1. I could donate the new computer to charity, after deleting all personal information, and upgrade my old computer with more RAM and maybe a new processor. (I need at least 1 GB of Ram so that I can operate Quicken 2013. I installed U-Verse DSL which operates at 3GBps to operate the new computer and now am using it to operate the old computer. I'm satisfied with the results but I still need more RAM. I only use the computer For Quicken, to email, to store and edit digital photos and to browse the internet, on occasion. No games; no You Tube. (I only use 25% of the available space on my old computer.)

2. Perhaps with your help, I could remove Win 8 and install Win XP.
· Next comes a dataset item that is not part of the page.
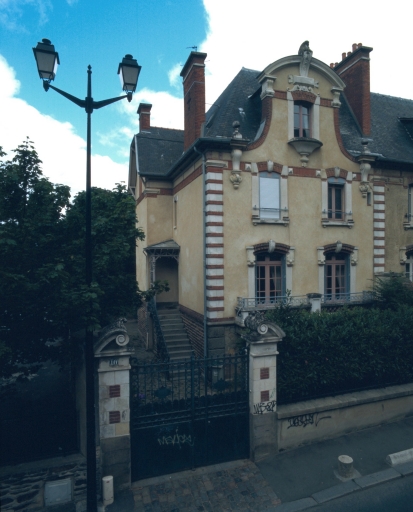 Maison de droite, appartenant à M. Logeais, agrandie en 1931 et en 1939, par l'entrepreneur Badault, sur les plans de l'architecte Guillaume, auquel on peut attribuer la conception de cette maison à deux unités d'habitation, sans doute construite vers 1910.

Since I am not knowledgeable enough to know what to do, once again, I come to you folks at this site for help. This is not a money issue nor is it about having a really fast computer with a lot of memory. This is about my hands and installing Quicken 2013. Does anyone have a solution for me?


----------



## etaf (Oct 2, 2003)

where will you get windows XP from - do you have a full retail version you can use - the version that you have on your old PC is probably OEM and tied to that PC 
also if you can get windows XP - the new PC with windows 8 may not have XP drivers available for the hardware

i assume you have logged into the site and looked at the downloads for possible drivers 
http://www.aerobicmouse.com/log_in_required.bv?lastplace=/downloads/

what happens when you just plug into windows 8 ?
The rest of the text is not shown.